▶ [PROVIDED ENTRIES]
== Segment start ==

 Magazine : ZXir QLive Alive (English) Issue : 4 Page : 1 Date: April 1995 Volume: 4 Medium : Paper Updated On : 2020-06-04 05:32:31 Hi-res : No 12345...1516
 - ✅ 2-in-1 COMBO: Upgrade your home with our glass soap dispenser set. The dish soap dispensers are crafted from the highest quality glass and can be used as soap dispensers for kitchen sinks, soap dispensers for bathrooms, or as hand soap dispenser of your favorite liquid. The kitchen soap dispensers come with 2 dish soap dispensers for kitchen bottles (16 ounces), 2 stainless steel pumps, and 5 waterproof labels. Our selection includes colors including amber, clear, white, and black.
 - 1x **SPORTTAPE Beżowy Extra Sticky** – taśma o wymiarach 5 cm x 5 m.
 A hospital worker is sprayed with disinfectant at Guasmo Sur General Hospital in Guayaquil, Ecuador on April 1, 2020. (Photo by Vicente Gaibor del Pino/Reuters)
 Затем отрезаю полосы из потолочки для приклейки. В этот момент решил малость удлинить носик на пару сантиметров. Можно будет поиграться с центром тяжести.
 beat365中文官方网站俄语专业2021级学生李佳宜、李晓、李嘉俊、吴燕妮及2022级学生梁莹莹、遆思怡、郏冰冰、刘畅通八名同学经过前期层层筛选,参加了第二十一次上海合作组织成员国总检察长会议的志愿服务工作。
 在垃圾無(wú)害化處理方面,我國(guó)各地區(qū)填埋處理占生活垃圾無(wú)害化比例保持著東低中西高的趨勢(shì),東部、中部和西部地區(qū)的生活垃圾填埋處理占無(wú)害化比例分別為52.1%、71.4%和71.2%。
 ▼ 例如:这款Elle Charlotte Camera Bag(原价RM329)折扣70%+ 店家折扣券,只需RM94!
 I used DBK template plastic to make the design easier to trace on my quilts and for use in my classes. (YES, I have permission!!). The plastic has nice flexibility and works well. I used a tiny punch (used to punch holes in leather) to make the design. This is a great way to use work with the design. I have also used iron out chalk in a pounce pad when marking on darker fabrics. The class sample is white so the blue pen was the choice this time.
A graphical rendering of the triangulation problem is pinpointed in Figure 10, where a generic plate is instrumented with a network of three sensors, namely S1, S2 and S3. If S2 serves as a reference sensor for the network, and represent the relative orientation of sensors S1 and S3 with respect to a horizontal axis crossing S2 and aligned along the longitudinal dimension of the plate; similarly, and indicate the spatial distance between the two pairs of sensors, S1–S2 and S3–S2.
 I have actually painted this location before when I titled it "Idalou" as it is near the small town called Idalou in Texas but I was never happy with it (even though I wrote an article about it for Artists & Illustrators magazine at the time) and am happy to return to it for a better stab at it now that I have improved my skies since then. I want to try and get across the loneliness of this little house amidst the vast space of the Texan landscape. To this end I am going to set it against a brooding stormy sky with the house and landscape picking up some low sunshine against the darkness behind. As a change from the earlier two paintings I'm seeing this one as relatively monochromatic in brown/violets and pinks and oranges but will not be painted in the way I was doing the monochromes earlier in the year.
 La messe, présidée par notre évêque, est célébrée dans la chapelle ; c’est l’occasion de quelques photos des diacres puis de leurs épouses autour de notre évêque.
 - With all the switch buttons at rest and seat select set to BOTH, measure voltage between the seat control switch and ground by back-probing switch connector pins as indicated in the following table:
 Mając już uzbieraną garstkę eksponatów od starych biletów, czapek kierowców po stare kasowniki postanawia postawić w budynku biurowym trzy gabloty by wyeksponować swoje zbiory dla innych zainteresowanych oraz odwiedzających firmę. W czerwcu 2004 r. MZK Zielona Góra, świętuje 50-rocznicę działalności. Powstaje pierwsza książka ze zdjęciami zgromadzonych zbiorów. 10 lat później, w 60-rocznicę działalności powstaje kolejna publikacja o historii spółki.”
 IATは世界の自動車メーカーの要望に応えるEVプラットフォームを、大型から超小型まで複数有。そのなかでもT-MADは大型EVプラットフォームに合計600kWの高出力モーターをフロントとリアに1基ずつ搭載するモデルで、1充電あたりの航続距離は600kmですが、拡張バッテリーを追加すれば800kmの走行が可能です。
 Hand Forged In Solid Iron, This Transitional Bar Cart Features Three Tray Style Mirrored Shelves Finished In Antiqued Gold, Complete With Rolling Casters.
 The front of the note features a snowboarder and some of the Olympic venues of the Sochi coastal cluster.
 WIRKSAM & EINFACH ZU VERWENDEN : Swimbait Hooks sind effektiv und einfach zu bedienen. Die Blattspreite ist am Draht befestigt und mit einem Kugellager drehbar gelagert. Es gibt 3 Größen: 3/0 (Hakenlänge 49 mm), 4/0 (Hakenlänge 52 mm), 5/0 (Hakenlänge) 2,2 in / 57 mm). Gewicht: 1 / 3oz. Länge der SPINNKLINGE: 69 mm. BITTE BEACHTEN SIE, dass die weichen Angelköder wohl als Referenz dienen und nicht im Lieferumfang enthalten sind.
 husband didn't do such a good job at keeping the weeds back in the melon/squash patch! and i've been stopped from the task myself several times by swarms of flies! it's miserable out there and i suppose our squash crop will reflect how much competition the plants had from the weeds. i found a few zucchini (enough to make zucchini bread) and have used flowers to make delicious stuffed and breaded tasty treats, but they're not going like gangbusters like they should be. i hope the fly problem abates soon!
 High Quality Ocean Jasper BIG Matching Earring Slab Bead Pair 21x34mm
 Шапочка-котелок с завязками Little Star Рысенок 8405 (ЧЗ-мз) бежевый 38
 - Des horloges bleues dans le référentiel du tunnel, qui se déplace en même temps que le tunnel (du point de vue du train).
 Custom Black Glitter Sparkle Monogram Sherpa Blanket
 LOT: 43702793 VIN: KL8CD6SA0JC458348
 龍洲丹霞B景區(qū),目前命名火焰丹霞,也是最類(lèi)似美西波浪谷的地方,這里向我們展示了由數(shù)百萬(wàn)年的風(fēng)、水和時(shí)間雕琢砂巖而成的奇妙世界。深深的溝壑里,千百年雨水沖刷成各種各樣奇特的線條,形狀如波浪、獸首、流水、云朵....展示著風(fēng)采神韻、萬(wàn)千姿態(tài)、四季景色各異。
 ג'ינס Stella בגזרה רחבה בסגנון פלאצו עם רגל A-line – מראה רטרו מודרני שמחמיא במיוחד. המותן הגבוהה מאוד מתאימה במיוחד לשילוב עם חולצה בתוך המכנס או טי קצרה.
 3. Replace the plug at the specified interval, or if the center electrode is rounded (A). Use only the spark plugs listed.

== Segment end ==

▶ [WHAT IS NEEDED]
Look above for the line holding "- Des horloges" and the line holding "龍洲丹霞B景區(qū),目前". Retype both, and every line between them, word for word and nothing else.

▶ [SOLUTION TO THIS PROBLEM]
 - Des horloges bleues dans le référentiel du tunnel, qui se déplace en même temps que le tunnel (du point de vue du train).
 Custom Black Glitter Sparkle Monogram Sherpa Blanket
 LOT: 43702793 VIN: KL8CD6SA0JC458348
 龍洲丹霞B景區(qū),目前命名火焰丹霞,也是最類(lèi)似美西波浪谷的地方,這里向我們展示了由數(shù)百萬(wàn)年的風(fēng)、水和時(shí)間雕琢砂巖而成的奇妙世界。深深的溝壑里,千百年雨水沖刷成各種各樣奇特的線條,形狀如波浪、獸首、流水、云朵....展示著風(fēng)采神韻、萬(wàn)千姿態(tài)、四季景色各異。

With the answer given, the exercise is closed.